▶ **HOW TO COMPLETE THIS TASK**
Scan the records below for the line with "Silly Monkey Paper" and the line with "Witam, Dzisiaj przykleiłem", and retype that range exactly, both ends included, pictures excepted.

▶ **TASK INPUTS**
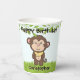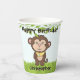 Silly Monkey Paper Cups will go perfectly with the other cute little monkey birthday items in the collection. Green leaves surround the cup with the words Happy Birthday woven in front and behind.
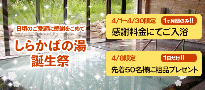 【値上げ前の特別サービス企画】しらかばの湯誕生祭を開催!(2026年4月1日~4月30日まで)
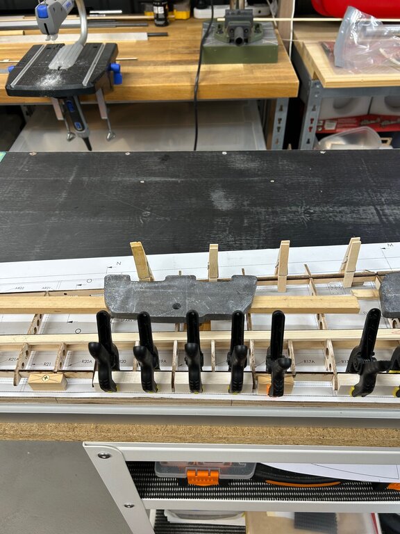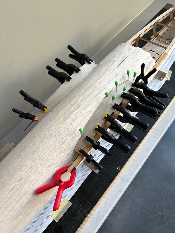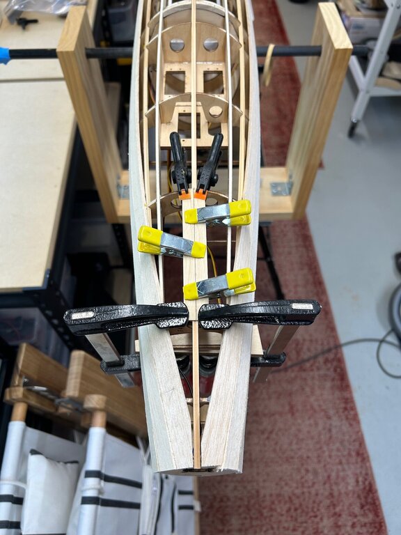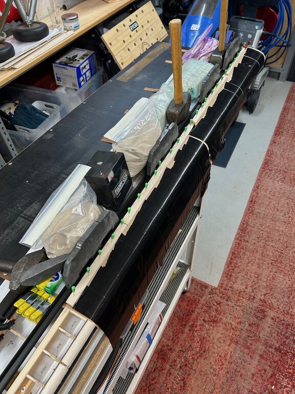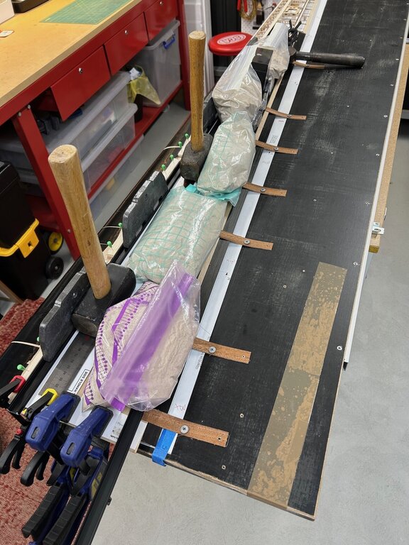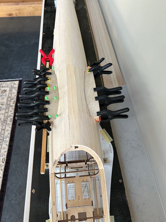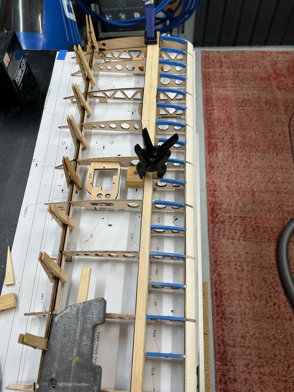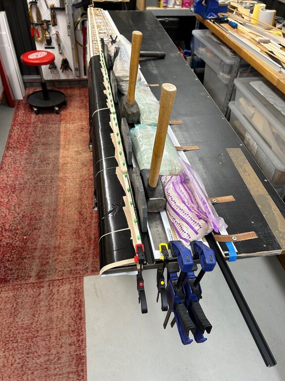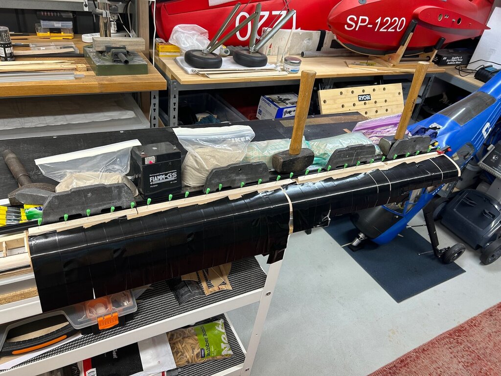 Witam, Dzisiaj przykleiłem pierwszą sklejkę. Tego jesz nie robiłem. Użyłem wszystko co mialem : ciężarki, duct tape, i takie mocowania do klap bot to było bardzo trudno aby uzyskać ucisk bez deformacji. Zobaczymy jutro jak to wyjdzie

---

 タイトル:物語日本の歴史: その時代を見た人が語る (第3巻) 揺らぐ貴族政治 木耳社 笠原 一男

▶ **COMPLETED EXERCISE**
 Silly Monkey Paper Cups will go perfectly with the other cute little monkey birthday items in the collection. Green leaves surround the cup with the words Happy Birthday woven in front and behind.
 【値上げ前の特別サービス企画】しらかばの湯誕生祭を開催!(2026年4月1日~4月30日まで)
 Witam, Dzisiaj przykleiłem pierwszą sklejkę. Tego jesz nie robiłem. Użyłem wszystko co mialem : ciężarki, duct tape, i takie mocowania do klap bot to było bardzo trudno aby uzyskać ucisk bez deformacji. Zobaczymy jutro jak to wyjdzie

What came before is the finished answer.